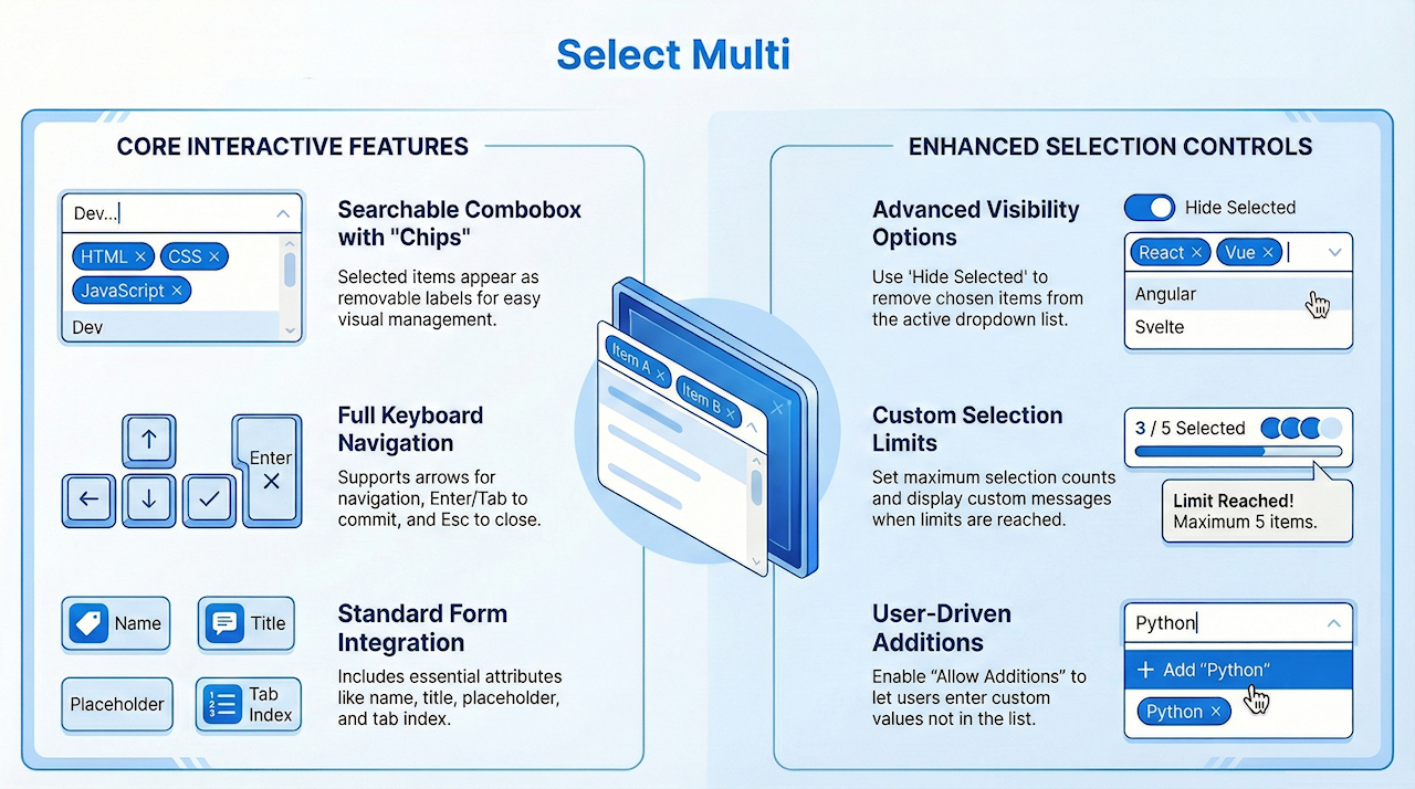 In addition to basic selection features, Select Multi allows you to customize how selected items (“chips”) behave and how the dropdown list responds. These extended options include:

================================

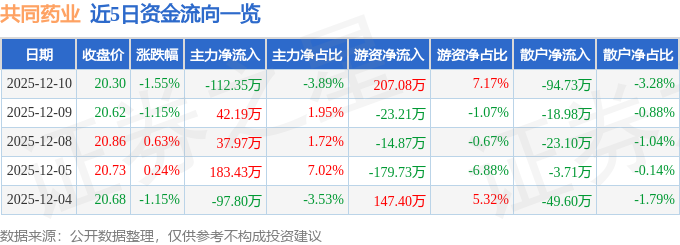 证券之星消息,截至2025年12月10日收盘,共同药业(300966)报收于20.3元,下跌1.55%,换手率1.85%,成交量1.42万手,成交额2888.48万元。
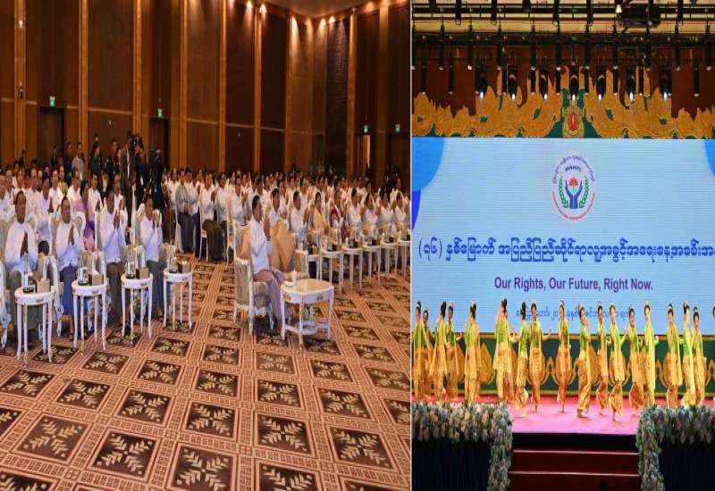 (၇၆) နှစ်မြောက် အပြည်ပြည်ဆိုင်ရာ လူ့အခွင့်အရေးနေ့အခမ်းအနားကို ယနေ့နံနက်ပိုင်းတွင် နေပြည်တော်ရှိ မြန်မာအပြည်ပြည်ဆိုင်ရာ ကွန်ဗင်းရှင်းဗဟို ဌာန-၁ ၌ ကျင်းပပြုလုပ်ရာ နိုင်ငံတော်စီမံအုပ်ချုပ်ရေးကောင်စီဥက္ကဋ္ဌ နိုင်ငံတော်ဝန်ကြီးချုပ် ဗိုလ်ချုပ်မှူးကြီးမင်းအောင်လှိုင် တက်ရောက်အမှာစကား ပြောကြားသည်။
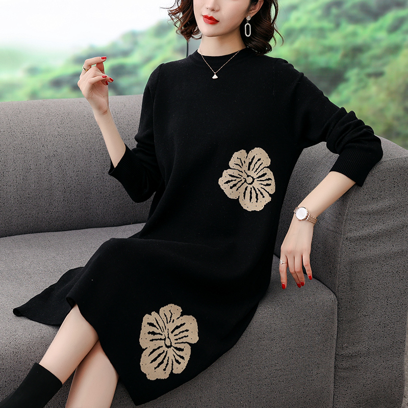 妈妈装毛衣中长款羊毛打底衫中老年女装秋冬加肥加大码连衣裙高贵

================================

* YOUR INSTRUCTIONS: In the listing above, find the line with "(၇၆) နှစ်မြောက် အပြည်ပြည်ဆိုင်ရာ" and output it and every line after it up to and including the line with "妈妈装毛衣中长款羊毛打底衫中老年女装秋冬加肥加大码连衣裙高贵", exactly, minus the pictures.

* RESULT OF THE TASK:
 (၇၆) နှစ်မြောက် အပြည်ပြည်ဆိုင်ရာ လူ့အခွင့်အရေးနေ့အခမ်းအနားကို ယနေ့နံနက်ပိုင်းတွင် နေပြည်တော်ရှိ မြန်မာအပြည်ပြည်ဆိုင်ရာ ကွန်ဗင်းရှင်းဗဟို ဌာန-၁ ၌ ကျင်းပပြုလုပ်ရာ နိုင်ငံတော်စီမံအုပ်ချုပ်ရေးကောင်စီဥက္ကဋ္ဌ နိုင်ငံတော်ဝန်ကြီးချုပ် ဗိုလ်ချုပ်မှူးကြီးမင်းအောင်လှိုင် တက်ရောက်အမှာစကား ပြောကြားသည်။
 妈妈装毛衣中长款羊毛打底衫中老年女装秋冬加肥加大码连衣裙高贵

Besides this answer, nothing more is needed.